Saturday, November 18, 2006

That swagger

Here's an interesting article that's published in Common Dreams. It's called "America’s Election: Daddy’s Swagger vs Mommy’s Care" and it offers a sensible analysis of the recent elections:

The world will long wonder what took the American people so long to realise that George W Bush, the swaggering, macho, faux rancher from Texas, was an incompetent and dangerous man who threatened the democratic foundations and moral credibility of the United States.

The answer, I believe, can be summed up in one word: fear.
As long as they thought they had a strong masculine president who would protect them, Americans seemed willing to give up all kinds of constitutional liberties and
rights. As long as they felt comforted by the illusion of safety, Americans also seemed willing to tolerate Bush's arrogant attitude toward the rest of the world.

But such hubris almost always ends in tragedy. Eventually, people began to notice that the emperor wore no clothes. When hurricane Katrina tore through New Orleans, Bush's
incompetence and lack of compassion could no longer be hidden behind a strutting swagger. As people drowned, he dined. As people died, he ignored their plight. Widespread corruption and sexual scandals among conservative Republicans further undermined the illusion that Bush - the man who believed God wanted him to be president - had anyone righteous on his side.
As New York Times columnist
Maureen Dowd put it: "This will be known as the year macho politics failed - mainly because it was macho politics by marshmallow men.

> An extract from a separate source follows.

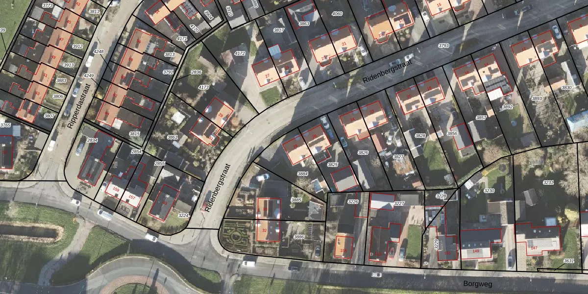 Het perceel waarop Ridenbergstraat 28 staat heeft een oppervlakte van 307 m². Dit is een groot perceel. De perceeloppervlakte wordt geregistreerd door het Kadaster. Gedetailleerde informatie over de maten van dit perceel kunt u vinden in het rapport Kadastrale kaart met maatvoering van Ridenbergstraat 28.

Voters were sick of phony swaggering, blustering and bellicosity, absent competency and accountability."

And so they turned to the Mommy party. Victories by
fifty Democratic women in the House of Representatives helped their party gain control of both houses of Congress and catapulted Nancy Pelosi, a feminist liberal from San Francisco, to assume leadership as the first female speaker of the House of Representatives, second in line to the presidency.

Let's just hope the people who are ruled by fear don't start valuing that swagger again. Personally, I don't see how anybody stomached it in the first place.

1 comment:

  1. "Personally, I don't see how anybody stomached it in the first place."

    They don't teach enough cynicism in schools these days.

    I think, if you look back, you'll find the seeds of nationalism starting to germinate in W's speech a mere few hours after 11/9. I was on the lookout for in then; it does not take genius to decide invading Iraq (or, on this side of the pond, being the puppet following in the invasion), is morally lacking well in advance. What scares me is that it takes the masses so long to realise and turn around.